# How do you find the Vertical, Horizontal, and Oblique Asymptote given (8x-48)/(x^2-13x+42)?

Nov 4, 2016

An horizontal asimptote in $y = 0$ and a vertical one at $x = 7 x$

#### Explanation:

The function can be factorized at the numerator and denominator so that it becomes $f \left(x\right) = 8 \frac{x - 6}{\left(x - 6\right) \left(x - 7\right)} =$ that under the existence condition excludind $x = 6$ and $x = 7$ can be rewritten

$f \left(x\right) = \frac{8}{x - 7}$. This function has got a vertical asymptote in $x = 7$ and an horizontal one at $y = 0$ graph{8/(x-7) [-11.67, 28.33, -9.68, 10.32]}

Nov 5, 2016

vertical asymptote at x = 7
horizontal asymptote at y = 0

#### Explanation:

The denominator of the function cannot be zero as this would make the function undefined. Equating the denominator to zero and solving gives the value that x cannot be and if the numerator is non-zero for this value then it is a vertical asymptote.

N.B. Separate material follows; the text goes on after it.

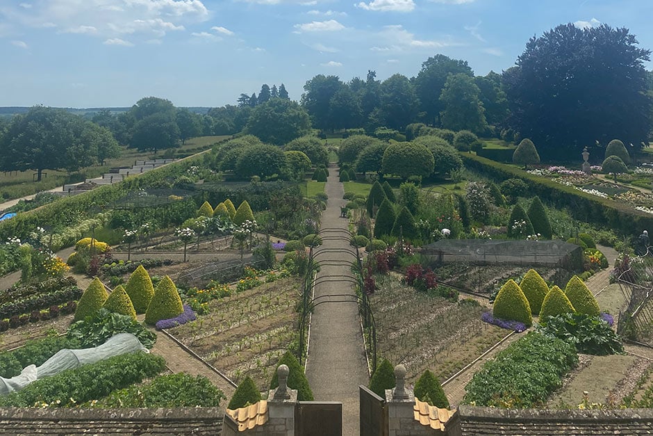 The ornamental kitchen garden is an early example of a formal potager. Trimmed box hedges, mature quince, medlar trees, espaliered apples and pears add interest.

$\frac{8 x - 48}{{x}^{2} - 13 x + 42} = \frac{8 \cancel{\left(x - 6\right)}}{\cancel{\left(x - 6\right)} \left(x - 7\right)} = \frac{8}{x - 7}$

There is an excluded value at x = 6.

solve: $x - 7 = 0 \Rightarrow x = 7 \text{ is the asymptote}$

Horizontal asymptotes occur as

${\lim}_{x \to \pm \infty} , f \left(x\right) \to c \text{ ( a constant)}$

divide terms on numerator/denominator by x.

$f \left(x\right) = \frac{\frac{8}{x}}{\frac{x}{x} - \frac{7}{x}} = \frac{\frac{8}{x}}{1 - \frac{7}{x}}$

as $x \to \pm \infty , f \left(x\right) \to \frac{0}{1 - 0}$

$\Rightarrow y = 0 \text{ is the asymptote}$

Oblique asymptotes occur when the degree of the numerator > degree of the denominator. This is not the case here hence there are no oblique asymptotes.
graph{(8)/(x-7) [-20, 20, -10, 10]}